Authors: Dhiren Paleja and John McMahon
Date: May 2021

Run, Grow and Transform (RGT) is a classic model used by organisations for managing their IT. The approach is aligned to the traditional operating models of managing IT spend within the organisation. Run has remained consistent and is still relevant as organisations will always need a portion of their budget to keep the business running or keep the lights on.

However, Grow and Transform are becoming inseparable. It is becoming difficult to differentiate between the IT initiatives which contribute towards Grow vs Transform, as most of the IT initiatives related to growth require transformation due to the rapid adoption of subscription and consumption-based services, which provide flexibility and scalability to the organisation.


The Run-Grow-Transform (RGT) Model

Businesses attempting to move up the digital value chain may have to rethink the suitability of the RGT model, more specifically IT management and cost allocation. Organisations need to systematically move budget from Run to be able to reduce complexity and allow for advancements.

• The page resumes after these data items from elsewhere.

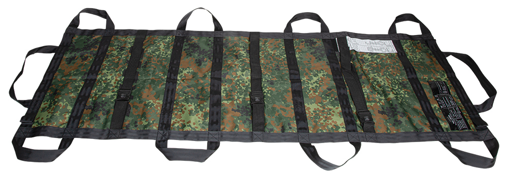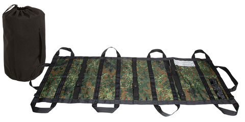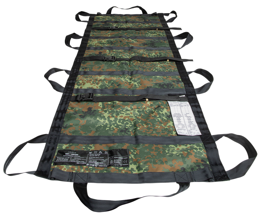 The scale TES-1 ZEKON is a lightweight and extremely robust recovery sling for safe transport in an emergency. The cover of the stretcher is made of robust cotton canvas with carrying loops and reinforcements made of 5 cm wide webbing. The portable stretcher has six side carrying loops and one loop on each side of the head for any necessary pulling of the injured person out of the given emergency situation. With the adjustable safety straps on the inside, the person in distress can be easily and quickly fixed. The recovery sling can be conveniently folded, rolled up and stowed in the pack sack. It requires little space and can be stowed very well, it fits perfectly in vehicles and first aid cabinets. Outer fabric in 5-color camouflage print according to TL 8305-0290 of the Bundeswehr.
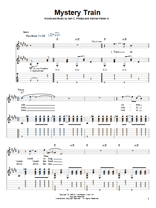 Download or print Elvis Presley Mystery Train sheet music, chords and digital score arranged for Guitar Tab (Single Guitar). This Pop score includes 5 page(s).
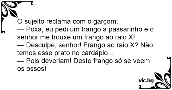 — Pois deveriam! Deste frango só se veem os ossos!
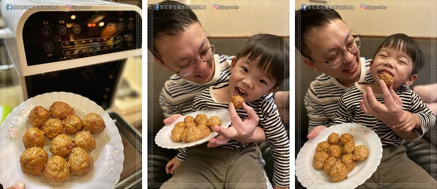 剛氣炸烤好的雞肉丸超膨、超可愛,可以鎖住雞肉丸的原汁原味,外酥內嫩
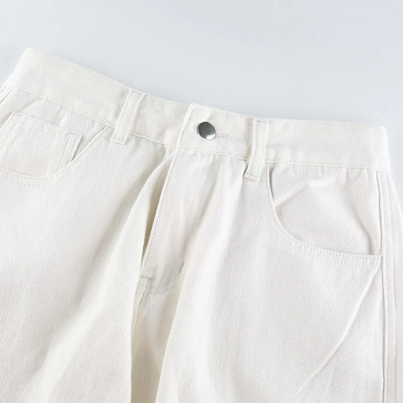 Белые уличные брюки с высокой талией, джинсы-бойфренды с прямыми шт...

Fig 1. The evolution of RGT has seen the creation of a new fit-for-purpose model

Operate, Expand & Innovate (OEI)

In the RGT model, IT tends to operate largely in isolation as the focus is ‘to keep the lights on’ however, as enterprises acquire digital capabilities to pursue larger goals of becoming customer centric and achieving revenue enhancement, no longer will they be able to clearly distinguish the changes as Run or Grow or Transform as their attempts could overlap across these three areas.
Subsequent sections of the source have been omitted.